Сложил губки бантиком и снова пукнул, сволочь.
Если бы существовал истребитель Гройса, Ирма не задумываясь обработала бы и его вместе с пледом. Она открыла форточки настежь на обоих окнах, стараясь не дышать, и поспешно вышла.
Точно ил, поднятый со дна души, в ней расплывалось отвращение. Как он мог казаться ей милым джентельменом? Что за слепота охватила ее? От него разит мертвечиной. «Совы – предвестники смерти или больших неприятностей, – читала Ирма в сборнике примет и кивала: да! правда! все сбылось! – Если сова влетела в дом и вы выгнали ее через дверь, помните, что дверь после этого должна оставаться запертой в течение трех дней. Не открывайте ее! Нарисуйте углем по кресту на каждой стене на высоте своего роста и рассыпьте под ними и вдоль двери немного золы».
Ирма всегда полагала себя современной женщиной, чуждой суеверий. Никаких крестов и золы.

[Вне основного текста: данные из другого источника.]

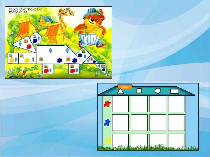 Задачи: Ø Познакомить с формой, цветом, размером, толщиной объектов. Ø Развивать пространственные представления. Ø Развивать логическое мышление, представление о множестве, операции над множествами (сравнение, разбиение, классификация, абстрагирование). Ø Развивать умения выявлять свойства в объектах, называть их, адекватно обозначать их отсутствие, обобщать объекты по их свойствам, объяснять сходства и различия объектов, обосновывать свои рассуждения. Ø Развивать знания, умения и навыки, необходимые для самостоятельного решения учебных задач. Ø Развивать познавательные процессы, мыслительные операции. Ø Воспитывать самостоятельность, инициативу, настойчивость в достижении цели. Ø Развивать творческие способности, воображение, фантазию, способности к моделированию и конструированию. Ø Развивать психические функции, связанные с речевой деятельностью.

А Чарли три дня походит на пеленку, ничего страшного.
– Вы согрелись?
– Согрелся, – кивнул Гройс. – Благодарю вас. Разрешите просьбу…
Ирма поморщилась. Он нарочно обращается к ней так, словно она тюремный надзиратель? Намекает на свое бедственное положение? Грязная, низкая игра, господин Гройс! Хотя кто ожидал иного от мошенника…

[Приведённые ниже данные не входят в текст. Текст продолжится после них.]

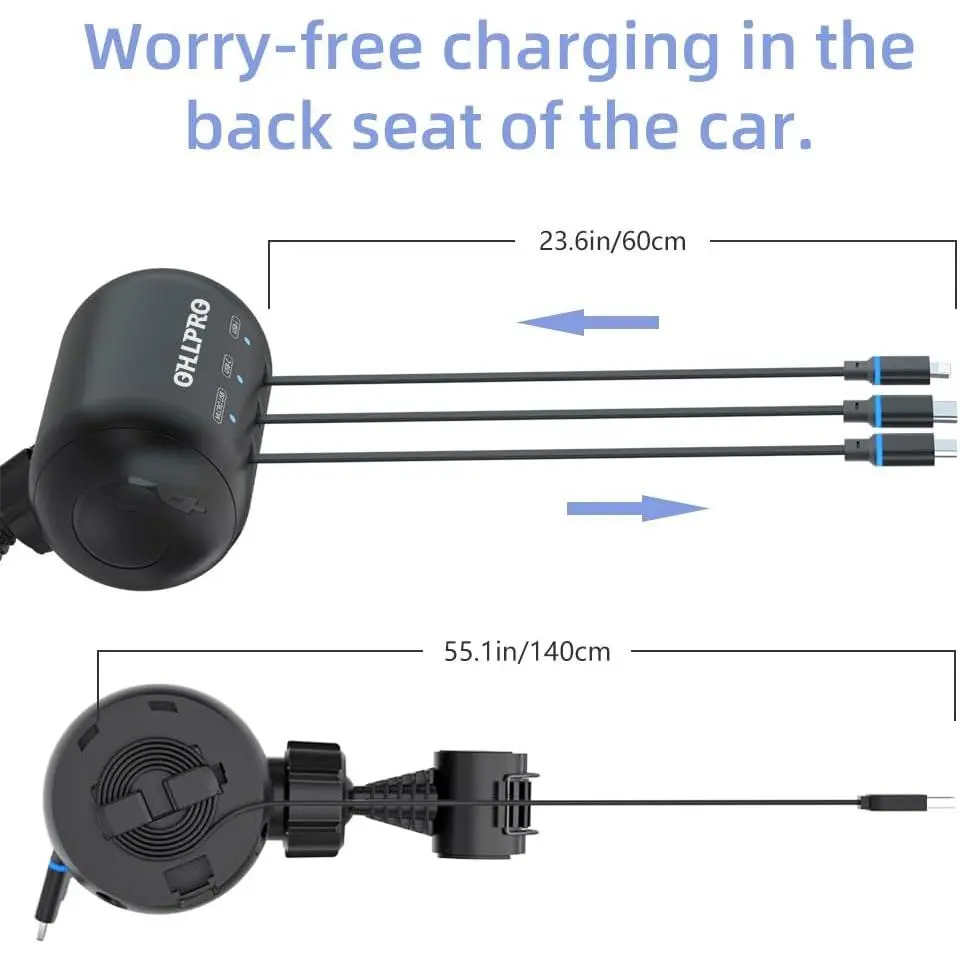 Automatic retractable design, the three charging cables will not be entangled, making your car more tidy

– У меня нет очков для чтения, а здесь темно. Вас не затруднит вкрутить еще одну лампочку?
Под потолком был лишь один рожок, и Ирма так ему и сказала.
– Может быть, торшер? – умоляюще попросил Гройс. – Хоть что-нибудь! Мне, знаете ли, мои глаза еще пригодятся. Не хотелось бы их портить.
Несколько секунд Ирма смотрела на него, борясь со смехом. Его глаза ему еще пригодятся, ха-ха! Наконец отдернула край шторы на дальнем окне, за которым сияло солнце, и быстро вышла.
– Спасительница! – крикнул ей вслед старик.
И взял «Графа Монте-Кристо».
Таким его и застала Ирма, вернувшись через полчаса – мирно перелистывающим страницы.
– Я уезжаю. Хотите сходить в туалет?
– Хочу! – привстал старик. – Очень хочу!
Он заметил, что она поднесла к носу платок, от которого разило духами. Прежде обходилось без ароматизаторов. Ее брезгливость растет с каждым часом. Скоро она будет обмахивать веером его задницу, пока он восседает на ведре.